Usually replication problems are reported in 4 different locations:

  • output of SHOW REPLICA STATUS\G (which is the most commonly used but not recommended)
  • performance_schema.replication_connection_status
  • performance_schema.replication_applier_status_by_coordinator and performance_schema.replication_applier_status_by_worker
  • MySQL’s error log (available using performance_schema.error_log in MDS)

This is an example:

 SQL > select * from performance_schema.error_log 
       where SUBSYSTEM = 'Repl' and PRIO = 'Error' 
       order by 1 desc limit 1\G
*************************** 1. row ***************************
    LOGGED: 2021-09-23 08:37:22.602686
 THREAD_ID: 51
      PRIO: Error
ERROR_CODE: MY-010584
 SUBSYSTEM: Repl
      DATA: Slave SQL for channel 'replication_channel': Worker 1 failed executing transaction 'b545b0e8-139e-11ec-b9ee-c8e0eb374015:35' at master log binlog.000008, end_log_pos 32561; Could not execute Write_rows event on table rss.ttrss_feeds; Duplicate entry '2' for key 'ttrss_feeds.PRIMARY', Error_code: 1062; handler error HA_ERR_FOUND_DUPP_KEY; the event's master log binlog.000008, end_log_pos 32561, Error_code: MY-001062

We will cover the following issues:

  1. Network Issues
  2. Credentials Issues
  3. No dataset definition
  4. Missing Binlogs
  5. Other Replication Problems related to statements

Now let’s focus on the first category of Inbound replication issues.

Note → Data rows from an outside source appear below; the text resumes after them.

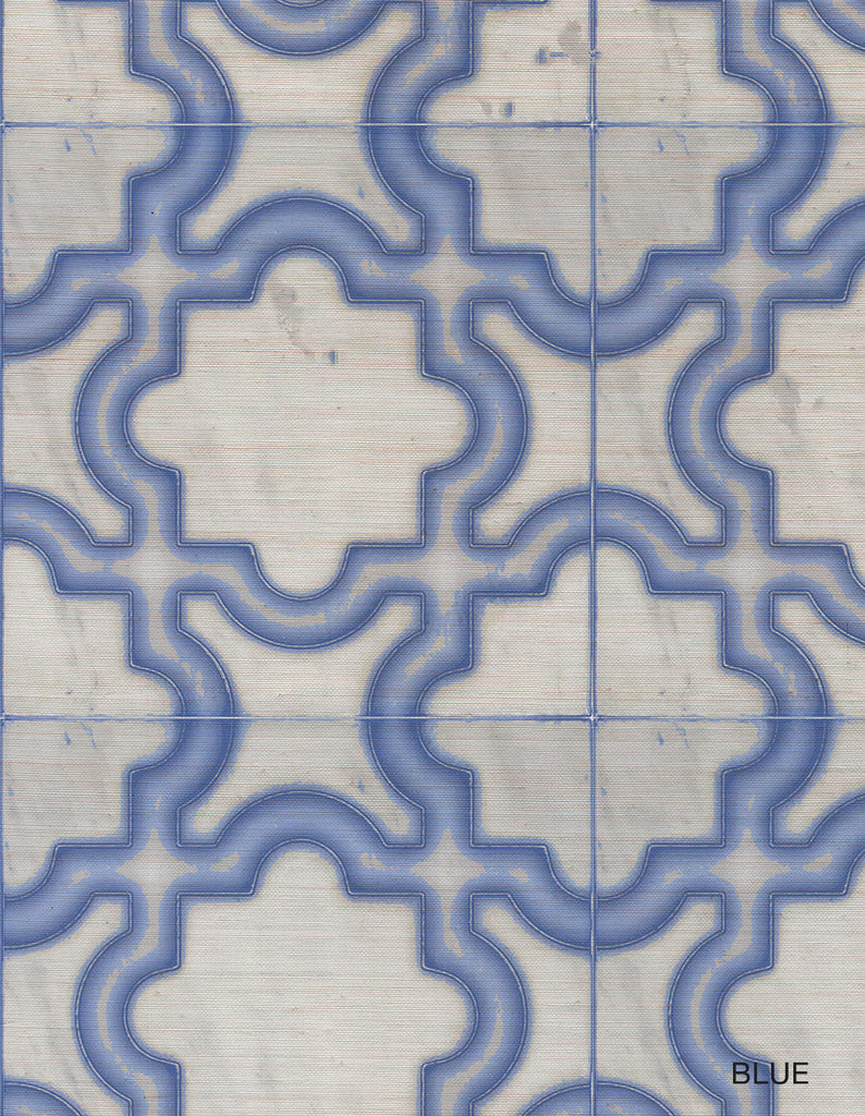 A design that was influenced by Spanish tiles bridges time with its slightly blurred effect and hand crafted appearance. Easy and casual colors on silver sisal offer a pattern with a wide range of applications. This pattern is crafted by combining hand-painted finishing with geometric design. Sold in standard lengths from 1 to 4 yards. Pattern is 35" wide after trim by installer.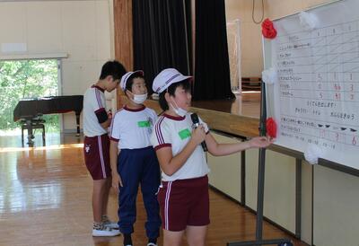 9月12日(火)のことになります。やまなし1組・2組の子どもたちが、湯本一小と湯本一中の子どもたちと、恒例の交流会を開きました。「今日は長倉小が会場だから、しっかりとおもてなししなくちゃね!」と声をかけるとご覧のポーズ、張り切ってますね!
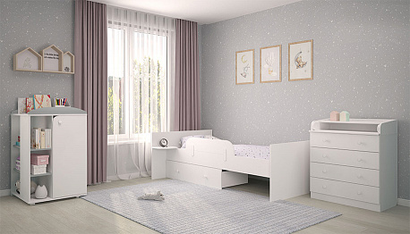 Трансформер включает в себя сразу несколько предметов мебели: пеленальный комод, детская кроватка, подростковая кровать.

Replication Channel does not start

When you have created the replication channel and it immediately complain, it’s usually caused by one of these two issues:

  1. the replica cannot connect to the source due to a network issue
  2. the replica cannot connect to the source due to wrong credentials

Network Issue

If you have a network issue, meaning that MDS is not able to connect on the host and port you defined when creating the inbound replication channel. The only way to fix this is to control the security list and eventual routing.

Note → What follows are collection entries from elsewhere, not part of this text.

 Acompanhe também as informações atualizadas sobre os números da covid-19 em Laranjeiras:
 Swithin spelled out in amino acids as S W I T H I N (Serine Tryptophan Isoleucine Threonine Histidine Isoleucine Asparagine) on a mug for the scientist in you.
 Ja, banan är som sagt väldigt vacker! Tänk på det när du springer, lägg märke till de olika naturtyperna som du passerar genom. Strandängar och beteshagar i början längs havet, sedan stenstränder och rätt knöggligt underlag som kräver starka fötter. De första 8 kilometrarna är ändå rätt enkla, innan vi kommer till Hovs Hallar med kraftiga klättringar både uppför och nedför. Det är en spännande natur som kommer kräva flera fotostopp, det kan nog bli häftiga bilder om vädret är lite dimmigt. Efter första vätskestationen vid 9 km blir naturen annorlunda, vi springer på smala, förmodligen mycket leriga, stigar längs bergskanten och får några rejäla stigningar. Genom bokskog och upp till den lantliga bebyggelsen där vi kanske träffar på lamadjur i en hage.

If we check the 4 sources of information we will see the following information:

From SHOW REPLICA STATUS\G (last time I use it!):

 SQL > show replica status\G
*************************** 1. row ***************************
             Replica_IO_State: Connecting to source
                  Source_Host: 172.27.240.3
                  Source_User: repl_mds
                  Source_Port: 3306
                Connect_Retry: 60
                           ...
           Replica_IO_Running: Connecting
          Replica_SQL_Running: Yes
                           ...
                Last_IO_Errno: 2003
                Last_IO_Error: error connecting to master 'repl_mds@172.27.240.3:3306' - retry-time: 60 retries: 2 message: Can't connect to MySQL server on '172.27.240.3:3306' (113)

And from Performance_Schema table:

 SQL > select * from performance_schema.replication_connection_status\G
*************************** 1. row ***************************
                                      CHANNEL_NAME: replication_channel
                                        GROUP_NAME: 
                                       SOURCE_UUID: 
                                         THREAD_ID: NULL
                                     SERVICE_STATE: CONNECTING
                         COUNT_RECEIVED_HEARTBEATS: 0
                          LAST_HEARTBEAT_TIMESTAMP: 0000-00-00 00:00:00
                          RECEIVED_TRANSACTION_SET: 
                                 LAST_ERROR_NUMBER: 2003
                                LAST_ERROR_MESSAGE: error connecting to master 'repl_mds@172.27.240.3:3306' - retry-time: 60 retries: 6 message: Can't connect to MySQL server on '172.27.240.3:3306' (113)
                              LAST_ERROR_TIMESTAMP: 2021-09-23 12:13:11.041796
                           LAST_QUEUED_TRANSACTION: 
 LAST_QUEUED_TRANSACTION_ORIGINAL_COMMIT_TIMESTAMP: 0000-00-00 00:00:00
LAST_QUEUED_TRANSACTION_IMMEDIATE_COMMIT_TIMESTAMP: 0000-00-00 00:00:00
     LAST_QUEUED_TRANSACTION_START_QUEUE_TIMESTAMP: 0000-00-00 00:00:00
       LAST_QUEUED_TRANSACTION_END_QUEUE_TIMESTAMP: 0000-00-00 00:00:00
                              QUEUEING_TRANSACTION: 
    QUEUEING_TRANSACTION_ORIGINAL_COMMIT_TIMESTAMP: 0000-00-00 00:00:00
   QUEUEING_TRANSACTION_IMMEDIATE_COMMIT_TIMESTAMP: 0000-00-00 00:00:00
        QUEUEING_TRANSACTION_START_QUEUE_TIMESTAMP: 0000-00-00 00:00:00

This table refers to the IO_Thread. There is no need to check the content of performance_schema.replication_applier_status_% that are in fact related to the SQL_Thread.

Credentials Issues

When the network issue is resolved, we might also encounter authentication issues like wrong user, wrong password… or SSL issues.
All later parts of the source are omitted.